Thread: sql query for postgres replication check

sql query for postgres replication check

From
"Zwettler Markus (OIZ)"
Date:

We would like to check the Postgres SYNC streaming replication status with Nagios using the same query on all servers (master + standby) and versions (9.6, 10, 12) for simplicity.

 

 

I came up with the following query which should return any apply lag in seconds.

 

 

select coalesce(replay_delay, 0) replication_delay_in_sec

from (

       select datname,

              (

                select case

                         when received_lsn = latest_end_lsn then 0

                         else extract(epoch

                from now() - latest_end_time)

                       end

                from pg_stat_wal_receiver

              ) replay_delay

       from pg_database

       where datname = current_database()

     ) xview;

 

 

I would expect delays >0 in case SYNC or ASYNC replication is somehow behind.

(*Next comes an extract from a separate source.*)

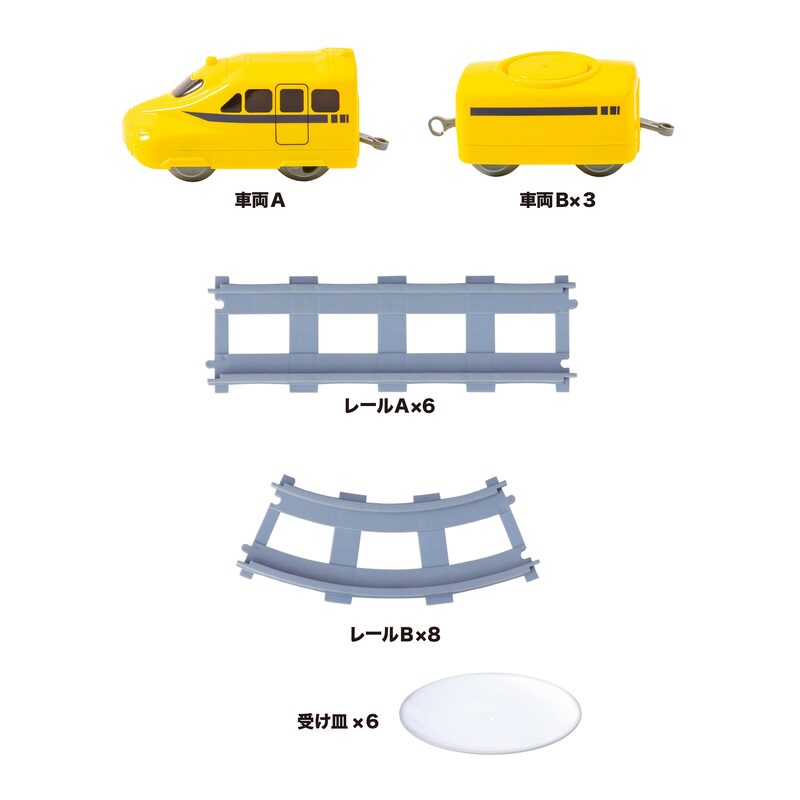 セット内容:車両A×1、車両B×3、レールA×6、レールB×8、受け皿×6

We will do a warning at 120 secs and critical at 300 secs.

 

 

Would this do the job or am I missing something here?

 

 

Thanks, Markus

 

 

 

 

 

 

 

 

Re: sql query for postgres replication check

From
Michael Paquier
Date:
On Fri, Nov 22, 2019 at 01:20:59PM +0000, Zwettler Markus (OIZ) wrote:
> I came up with the following query which should return any apply lag in seconds.
>
> select coalesce(replay_delay, 0) replication_delay_in_sec
> from (
>        select datname,
>               (
>                 select case
>                          when received_lsn = latest_end_lsn then 0
>                          else extract(epoch
>                 from now() - latest_end_time)
>                        end
>                 from pg_stat_wal_receiver
>               ) replay_delay
>        from pg_database
>        where datname = current_database()
>      ) xview;
>
>
> I would expect delays >0 in case SYNC or ASYNC replication is
> somehow behind. We will do a warning at 120 secs and critical at 300
> secs.

pg_stat_wal_receiver is available only on the receiver, aka the
standby so it would not really be helpful on a primary.  On top of
that streaming replication is system-wide, so there is no actual point
to look at databases either.

> Would this do the job or am I missing something here?

Here is a suggestion for Nagios: hot_standby_delay, as told in
https://github.com/bucardo/check_postgres/blob/master/check_postgres.pl
--
Michael

Attachment

AW: sql query for postgres replication check

From
"Zwettler Markus (OIZ)"
Date:
> On Fri, Nov 22, 2019 at 01:20:59PM +0000, Zwettler Markus (OIZ) wrote:
> > I came up with the following query which should return any apply lag in seconds.
> >
> > select coalesce(replay_delay, 0) replication_delay_in_sec from (
> >        select datname,
> >               (
> >                 select case
> >                          when received_lsn = latest_end_lsn then 0
> >                          else extract(epoch
> >                 from now() - latest_end_time)
> >                        end
> >                 from pg_stat_wal_receiver
> >               ) replay_delay
> >        from pg_database
> >        where datname = current_database()
> >      ) xview;
> >
> >
> > I would expect delays >0 in case SYNC or ASYNC replication is somehow
> > behind. We will do a warning at 120 secs and critical at 300 secs.
>
> pg_stat_wal_receiver is available only on the receiver, aka the standby so it would
> not really be helpful on a primary.  On top of that streaming replication is system-
> wide, so there is no actual point to look at databases either.
>
> > Would this do the job or am I missing something here?
>
> Here is a suggestion for Nagios: hot_standby_delay, as told in
> https://github.com/bucardo/check_postgres/blob/master/check_postgres.pl
> --
> Michael


I don't want to use check_hot_standby_delay as I would have to configure every streaming replication configuration
separatelywith nagios. 

I want a generic routine which I can load on any postgres server regardless of streaming replication or database role.

The query would return >0 if streaming replication falls behind and 0 in all other cases (replication or not).

Checking streaming replication per database doesn't make any sense to me.

Markus